Maurice Vaïsse (born 7 May 1942 in Algiers) is a French historian specialised in international relations and Defence. He is an Editorial Board member on Journal of Intelligence and Terrorism Studies.

Biography
Vaïsse graduated with a History Agrégation in 1967. He has been a professor of contemporary history at Reims university, and is now a professor at the Institut d'études politiques de Paris, where he teaches history of international relations. Since 2008, he has headed the scientific council for historical research at the Ministry of Defence.

Vaïsse is a member of the Commission of diplomatic archives, and heads the Commission de publication des documents diplomatiques français, tasked with the publication of diplomatic notes.

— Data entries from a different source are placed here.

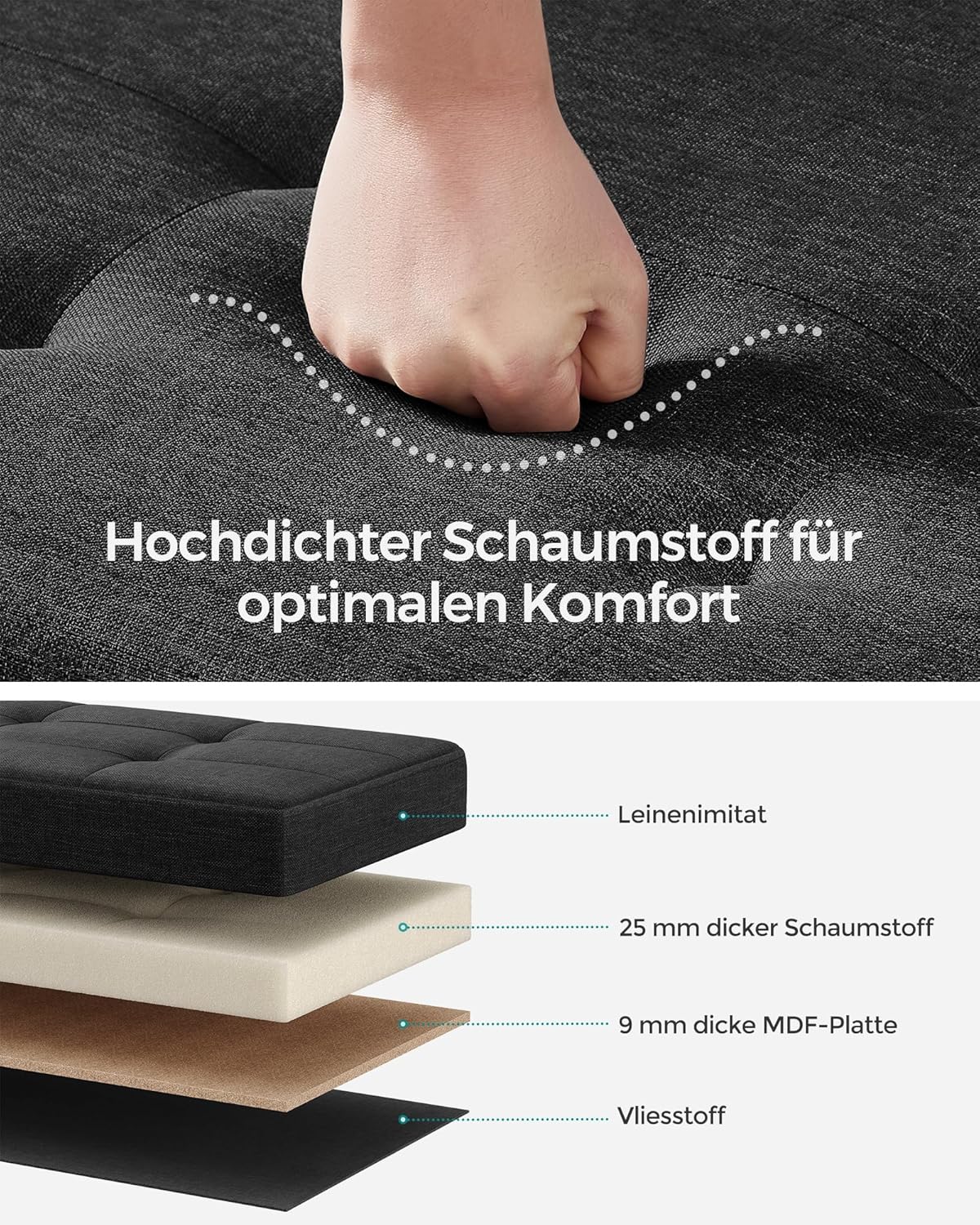 Elegant design and high seating comfort: the stool has a chic faux linen surface with quilted design and brings style to your room. The double layer fabric and highly elastic foam ensure long-lasting seating comfort
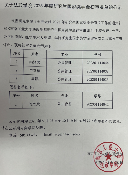 云顶国际vip.8882025年度研究生国家奖学金初审名单公示
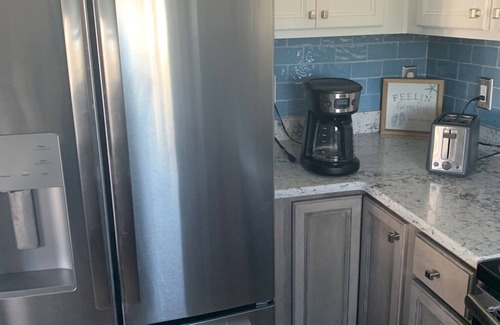 With a queen bed in the upstairs master, a full size bed with a twin bunk above in bedroom 2 (upstairs), and 2 more full-size beds in bedroom 3 downstairs, this wonderful property offers a peaceful retreat for 1 or 2 families and as many as 9 guests. WiFi, Washing machine and dryer. Outdoor shower. Fenced yard. Walking distance to several public beach accesses and the North End's famous Tiki Bar.
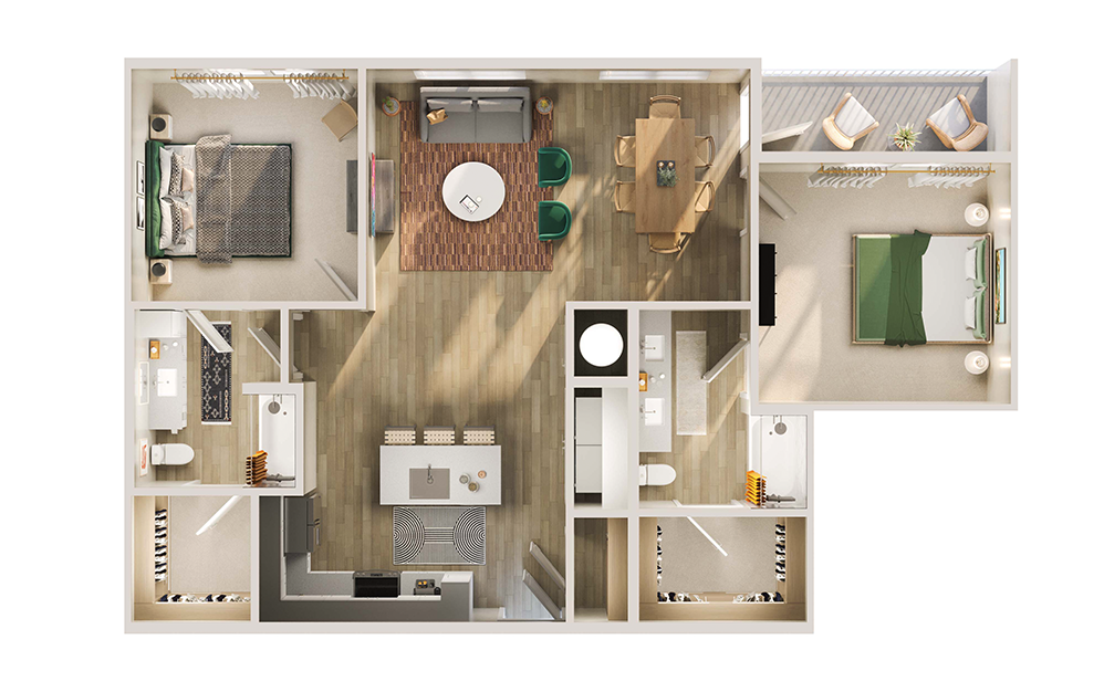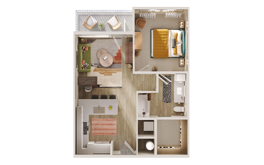 1 Dormitorio, 1 Baño, 821 pies²Disponible AhoraGalería del Modelo
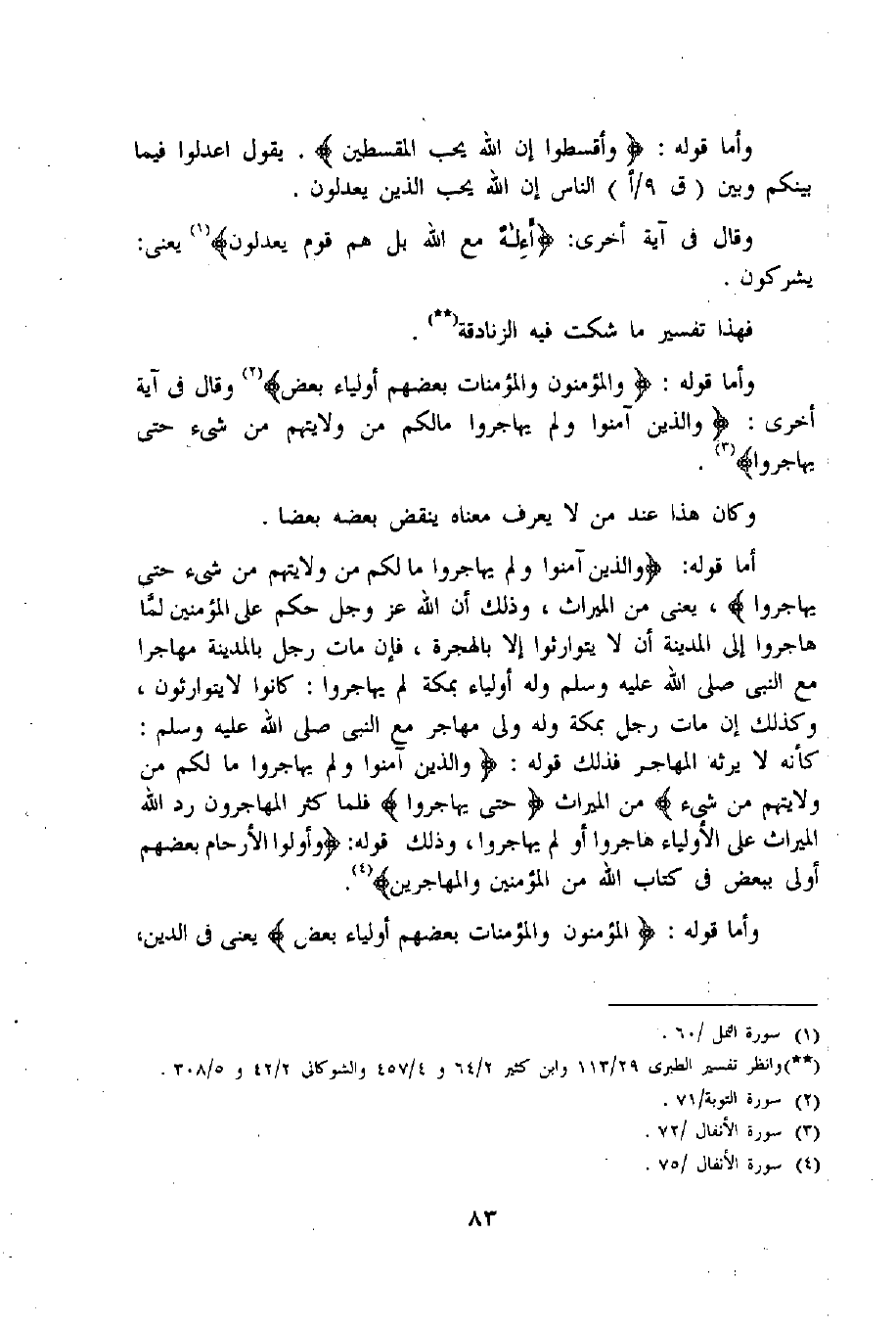 وأما قوله: والْمُؤْمِنُونَ والْمُؤْمِناتُ بَعْضُهُمْ أَوْلِياءُ بَعْضٍ «3» وقال فى آية أخرى: والَّذِينَ آمَنُوا ولَمْ يُهاجِرُوا ما لَكُمْ مِنْ وَلايَتِهِمْ مِنْ شَيْءٍ حَتَّى يُهاجِرُوا «4».
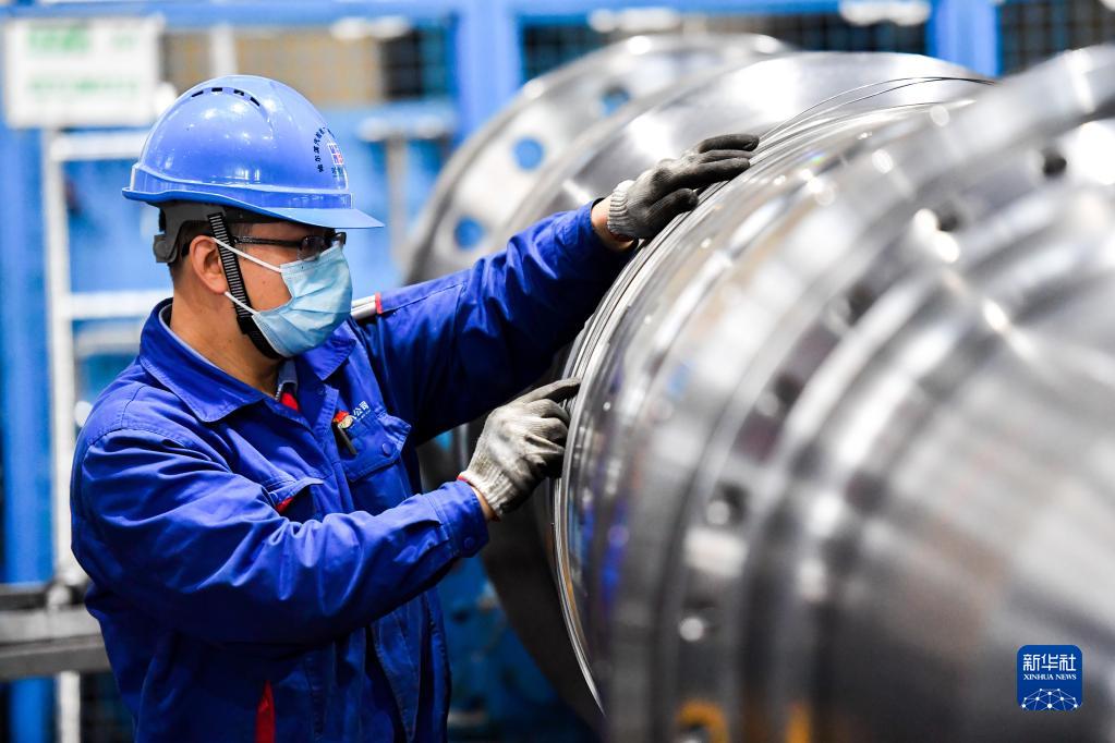 哈電集團哈爾濱汽輪機廠(chǎng)有限責任公司工人在生產(chǎn)車(chē)間作業(yè)(10月27日攝)。
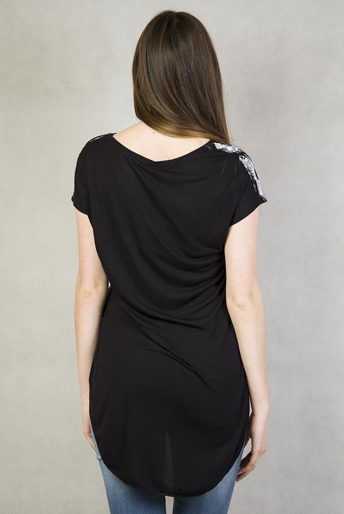 Czarna, asymetryczna bluzka w piórka z napisem "Dreamer deserve your dream"
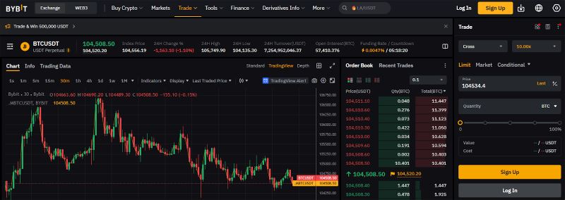 该平台专注于期货交易,提供永续合约和季度合约,杠杆高达100倍,涵盖比特币和以太坊等主流加密货币,以及超过1500种加密货币和500多个期货交易对。Bybit拥有用户友好的界面、高流动性和先进的工具,使其成为新手和经验丰富的交易者的理想之选。其10万TPS的撮合引擎确保订单快速执行,避免过载,99.99%的系统正常运行时间保证了可靠性。
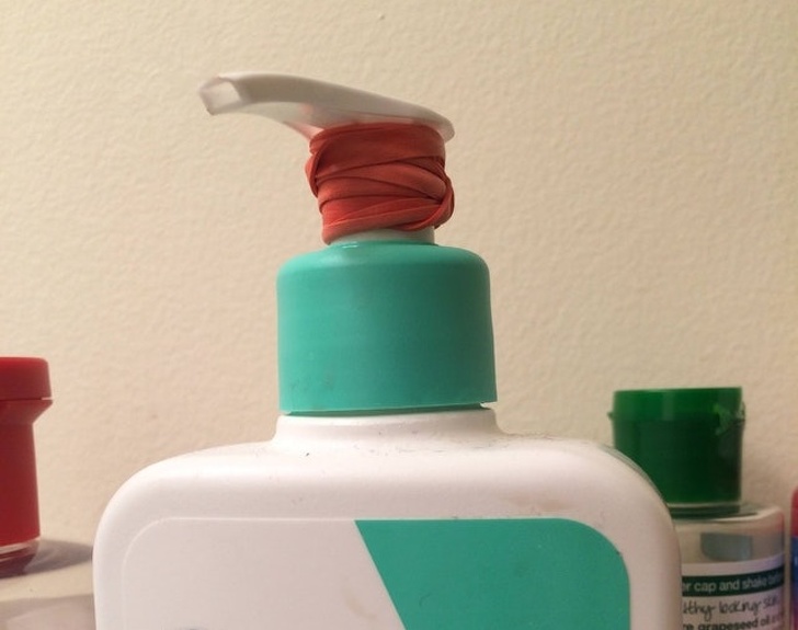 13. To prevent dispensers on bottles from leaking on trips, wrap them with rubber bands.
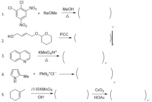 12. 苯甲醛为无色液体,长期暴露在空气中会慢慢变为白色结晶,发生的反应是 ( ) A. 自由基氧化反应 B. 离子型加成反应 C. 氧化还原反应 D. 协同反应 13. 1 g下列化合物加到10 ml水中, 分层并浮在上面的有 ( ) A. 吡啶和甘油 B. 己烷和乙醚 C. 乙醇和乙酸 D. 氯仿和丁醛 14. Claisen酯缩合经常用来制备 ( ) A. b-羟基酯 B. d-羟基酯 C. b-酮基酯 D. d-酮基酯 15. 下列化合物沸点最低的是 ( ) A. 正丁烷 B. 2-氯丁烷 C. 正丁酮 D. 乙醚 16. 含有硫原子的氨基酸是 ( ) A. 蛋氨酸 B. 甘氨酸 C. 半胱氨酸 D. 丝氨酸 17. 芳香族伯胺的重氮化反应是在 ( ) 溶液中进行 A. 弱酸性 B. 碱性 C. 中性 D. 强酸性 18. 可以进行Cannizarro反应的化合物是 ( ) A. 甲醛 B. 丙醛 C. 糠醛 D. 2,2-二甲基丁醛 19. 烷烃进行卤代反应的中间体是 ( ) A. 碳正离子 B. 自由基 C. 碳负离子 D. 碳烯 20. 甲烷分子的空间构型以及碳原子的杂化类型是 ( ) A. 四方椎体,sp3杂化 B. 三角椎体,sp2杂化 C. 正四面体,sp2杂化 D. 正四面体,sp3杂化 二、完成如下反应,写出主要产物(14小题,每空3分,共60分)
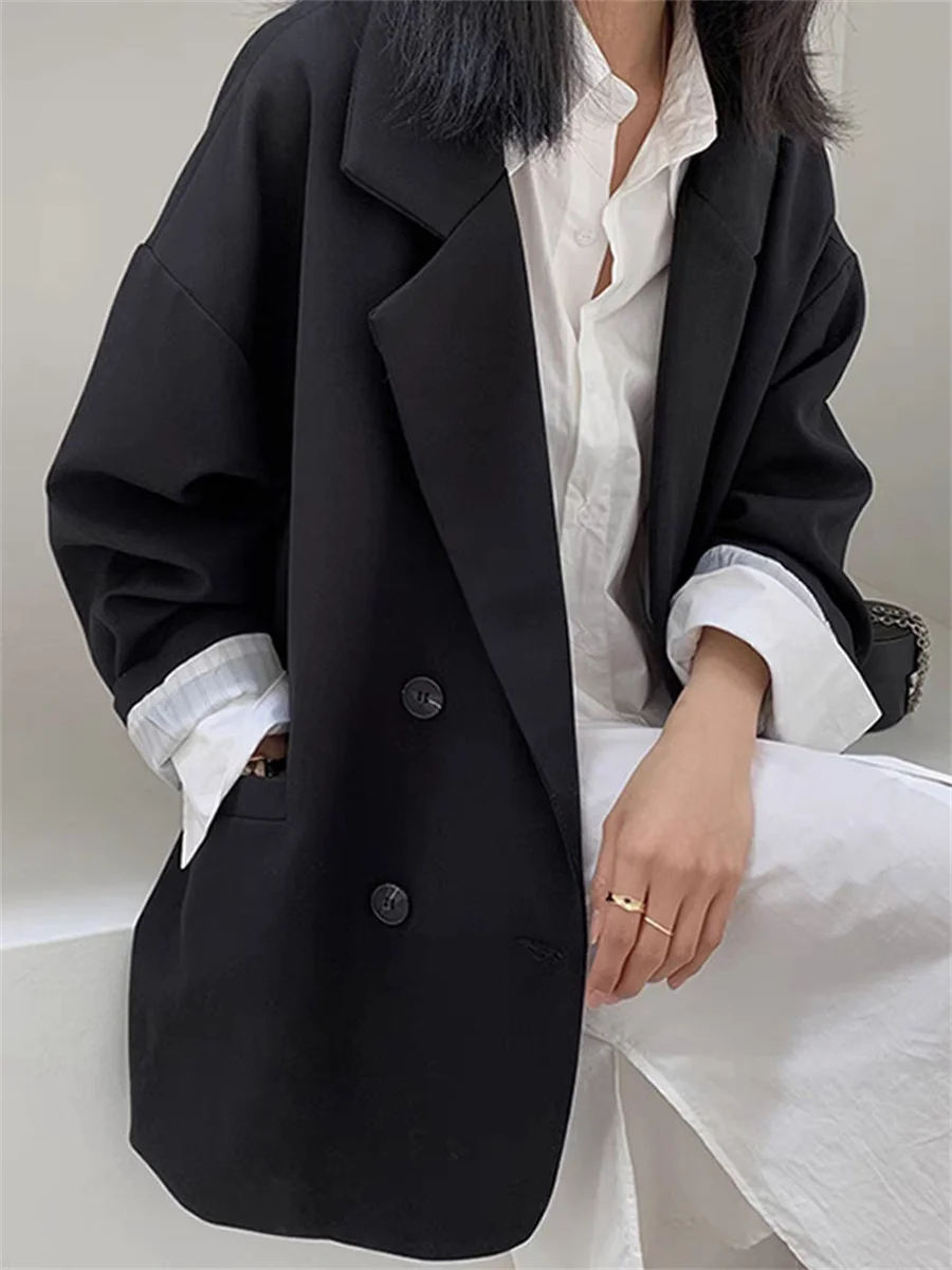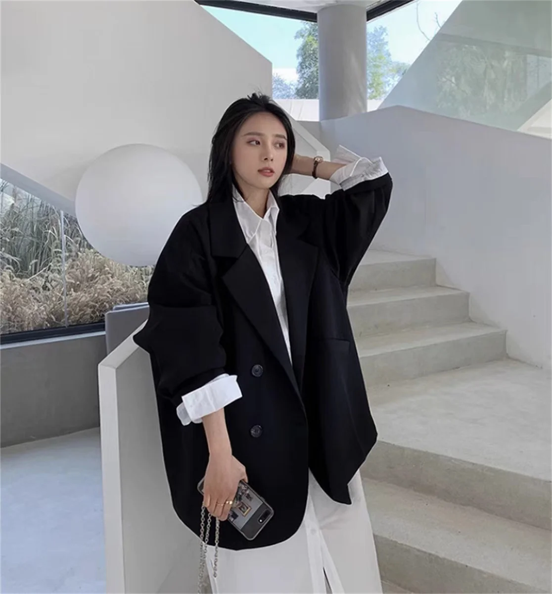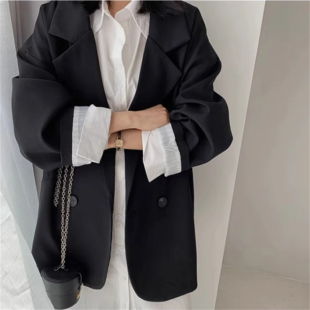 Purpdrank  Chic Black Blazer Casual Coat Streetwear Loose Jackets Solid Oversize Blazer Women Suit Korean Women's Clothing Student New
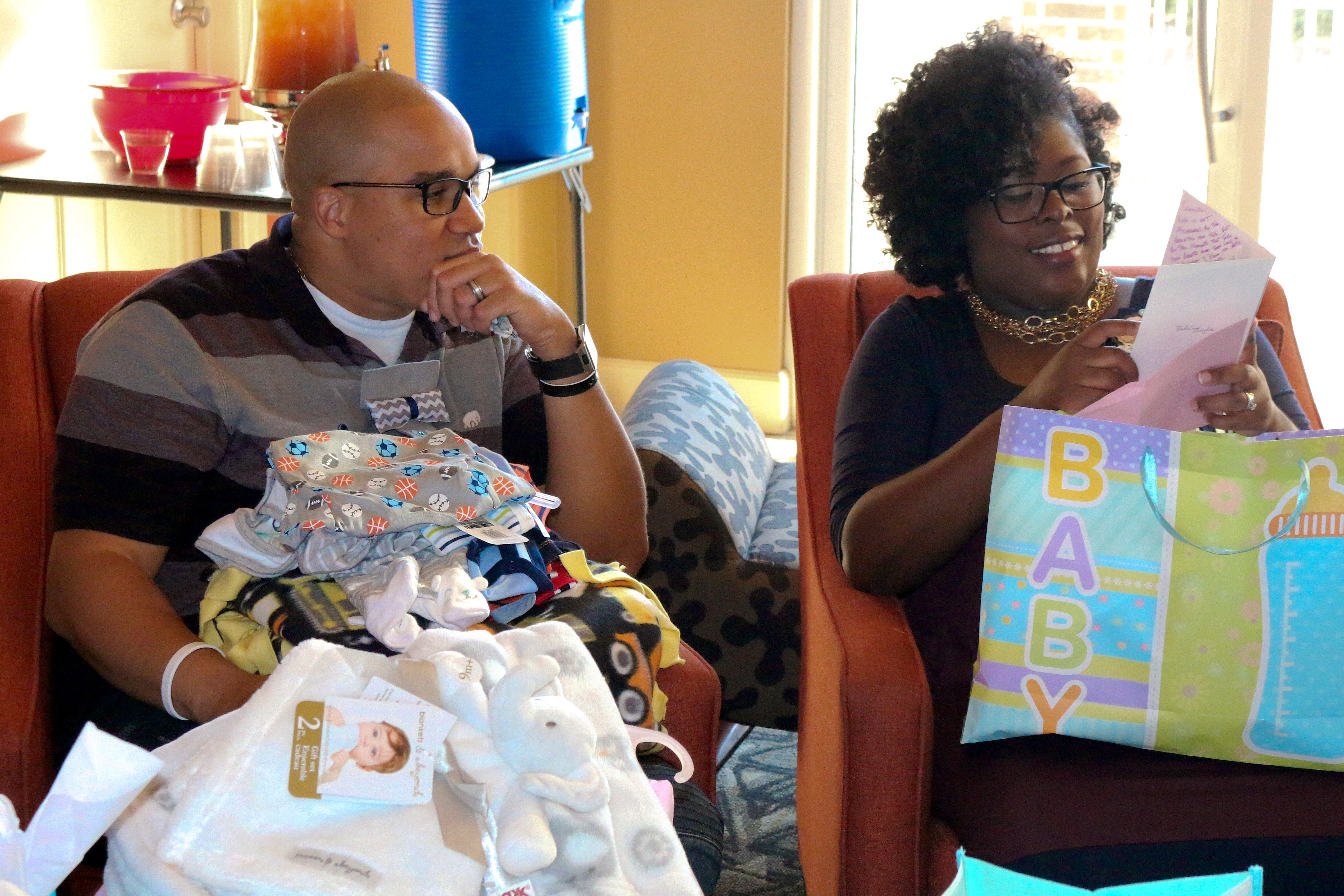 Which means you need to purchase thank yous/envelopes early! Co-ed baby showers are great because the husbands can be the clean-up crew! Lol But Seriously! Always have a TV and beer or other drinks for the fellas. They won’t care about the games and fellowship that the ladies do at baby showers. Unless they are super competitive for the prizes (husband’s friend) or want to be a part of EVERYTHING concerning their little one! My husband was the silly daddy that played all the games and provided the side humor for his responses and involvement. I loved it!
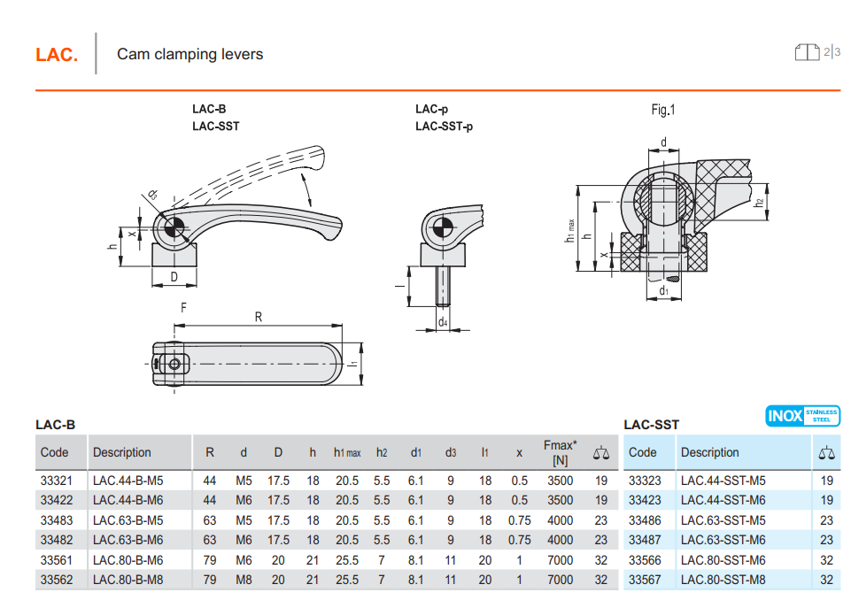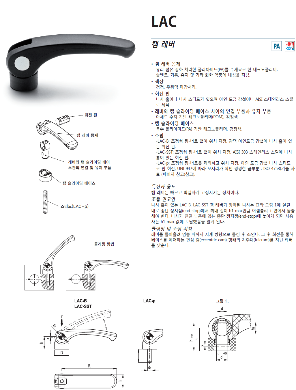 LAC-B 캠 레버 (아연도금 스틸 회전핀, 나사산 홀)

From 1981 to 1995, he has headed the Association pour la recherche sur la paix et la guerre (Arpege). From 1985 to 1986, he was an auditor at the Institut des hautes études de la défense nationale. From 1986 to 2000, he headed the Groupe d'études français d'histoire de l'armement nucléaire (French study group for history of nuclear weapons). He presided the Centre d'études d'histoire de la défense (Centre for studies of Defence History), and has been a technical counsellor to the Charles De Gaulle Foundation between 1995 and 2001.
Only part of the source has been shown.